Talking about data lake and data warehouse

16-022-supersoniccontract

Data Lake is a term that has emerged in the past decade to describe an important part of the data analysis pipeline in the big data world. The idea is to create a single storage area for all the raw data that anyone in the organization may need to analyze. People usually use Hadoop to process data in lakes, but this concept is broader than Hadoop.

When I mentioned that a single point can centralize all the data that an organization wants to analyze, I immediately thought of the concept of data warehouse and data mart. But there is an important difference between data lake and data warehouse. The data lake stores raw data in any form provided by the data source. There are no assumptions about the data schema, and each data source can use any schema it likes. Users of data need to understand these data according to their own purposes.

Many data warehouses have not made much progress due to the problem of patterns. Data warehouse tends to adopt the concept of single mode to meet all analysis requirements, but a single unified data model is impractical for any organization except the smallest organization. Even if you want to model a slightly complex domain, you need multiple bounded contexts, each with its own data model. In terms of analysis, each analysis user is required to use a model that is meaningful to the analysis they are conducting. By shifting to storing only raw data, this places the onus on the data analyst.

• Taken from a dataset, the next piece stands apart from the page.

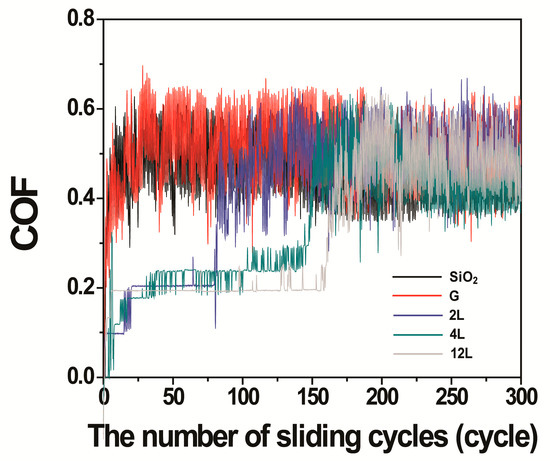 Compared to the graphene sample, the tested MoS2 samples exhibited lower coefficient of friction values. After 10 cycles of sliding, these values were only 0.1 to 0.2 for the MoS2 samples, as shown in Figure 2a. Moreover, the coefficient of friction of the 12L MoS2 film remained at a low value of 0.2 even up to 200 cycles of sliding, as shown in Figure 3b. These results verified the superior frictional properties and wear resistance of the MoS2 films compared to those of the graphene film.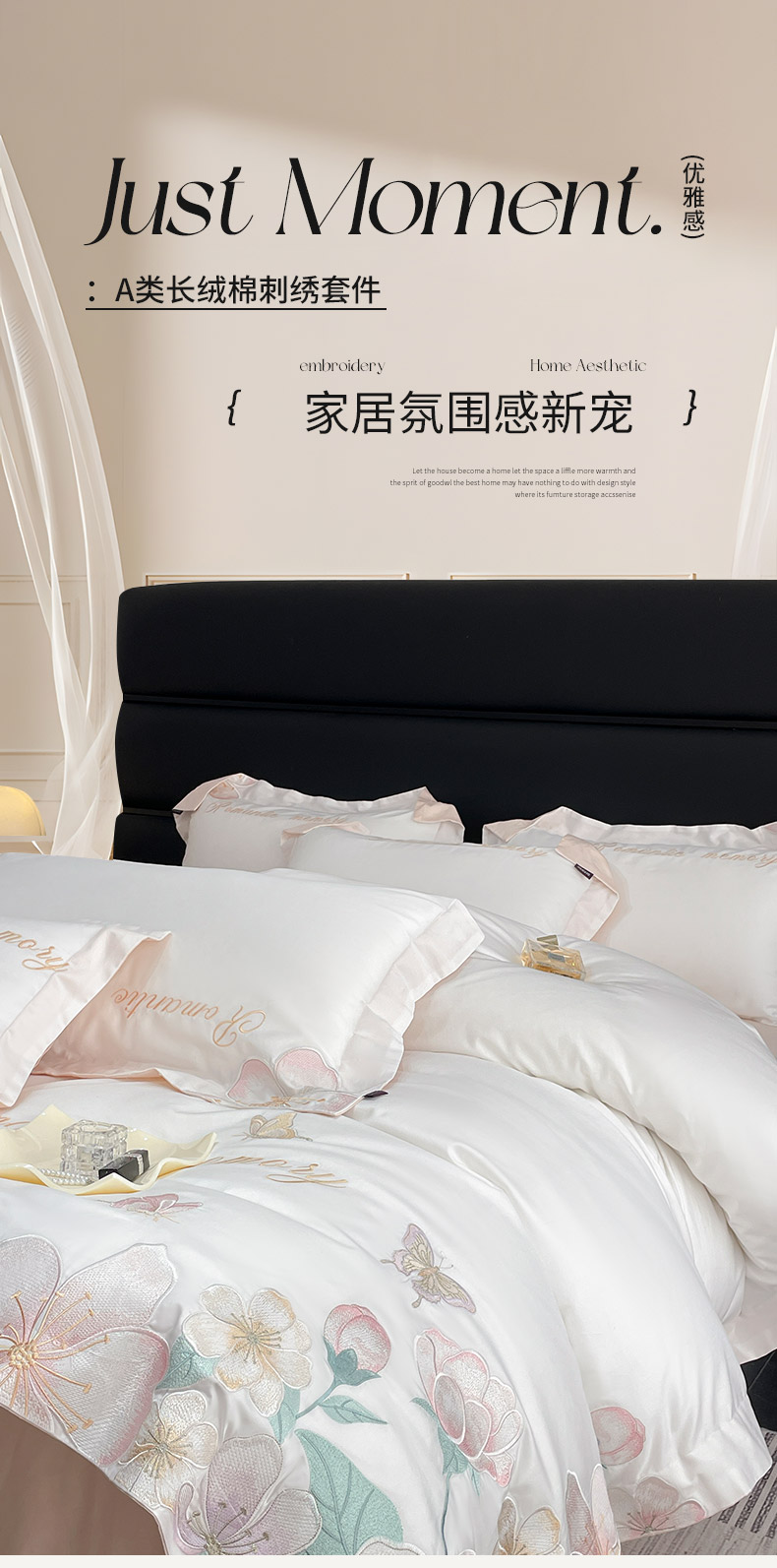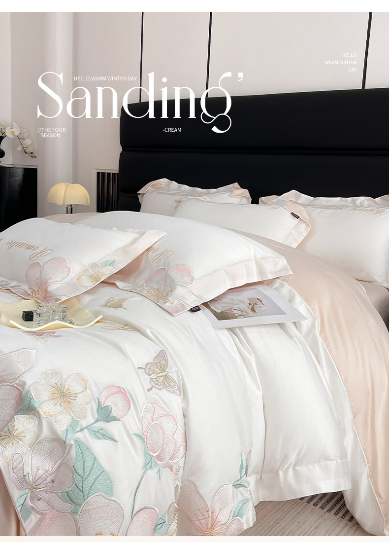 2025春夏A类100支长绒棉四件套纯棉全棉轻奢风床单被套重工刺绣床上用品-花漫屿 花漫屿-白粉

Another problem of data warehouse is to ensure data quality. Trying to obtain an authoritative single data source requires a lot of analysis on how different systems acquire and use data. System A may be applicable to some data, while system B may be applicable to other data. There are some rules that system A is more suitable for recent orders, while system B is more suitable for orders one month or earlier, unless returns are involved. The most important thing is that data quality is often a subjective problem. Different analysts have different tolerance for data quality problems, and even have different concepts of good quality.

This led to the criticism of the data lake - it is just a garbage dump of uneven quality data, or rather a data swamp. Criticism is both reasonable and irrelevant. The popular title of the new analysis is "data scientist". Although this is a title that is often abused, many of these people do have a solid scientific background. Any serious scientist knows the problem of data quality. Imagine the simple problem of analyzing temperature readings over time. It must be considered that the relocation of some weather stations may subtly affect readings, exceptions caused by equipment problems, and missing period data when the sensors are not working. Many complex statistical techniques are created to solve data quality problems. Scientists are always sceptical about the quality of data and used to dealing with problematic data. Therefore, lakes are very important for them, because they can use the original data and carefully apply technology to understand it, rather than some opaque data cleaning mechanisms that may do more harm than good.

Data warehouses usually not only clean up data, but also aggregate data into a form that is easier to analyze. But scientists also tend to oppose this, because aggregation means discarding data. The data lake should contain all the data, because it is unknown what people will find valuable, whether today or a few years later.

 

They are being modified by some month end processing reports. So in short, these values in the data warehouse are useless; Scientists fear that such comparisons cannot be made. After more mining, it is found that these reports have been stored, so the real predictions made at that time can be extracted. The complexity of this raw data means that there is space to organize the data into a more manageable structure and reduce the amount of data. Data lakes should not be accessed directly. Because data is raw data, it requires a lot of skill to understand it. There are relatively few people working in the data lake because they have found data views that are often useful in the lake. They can create many data marts, each of which has a specific model for a single bounded context. Then, more downstream users can view these marts as the authoritative source of this context.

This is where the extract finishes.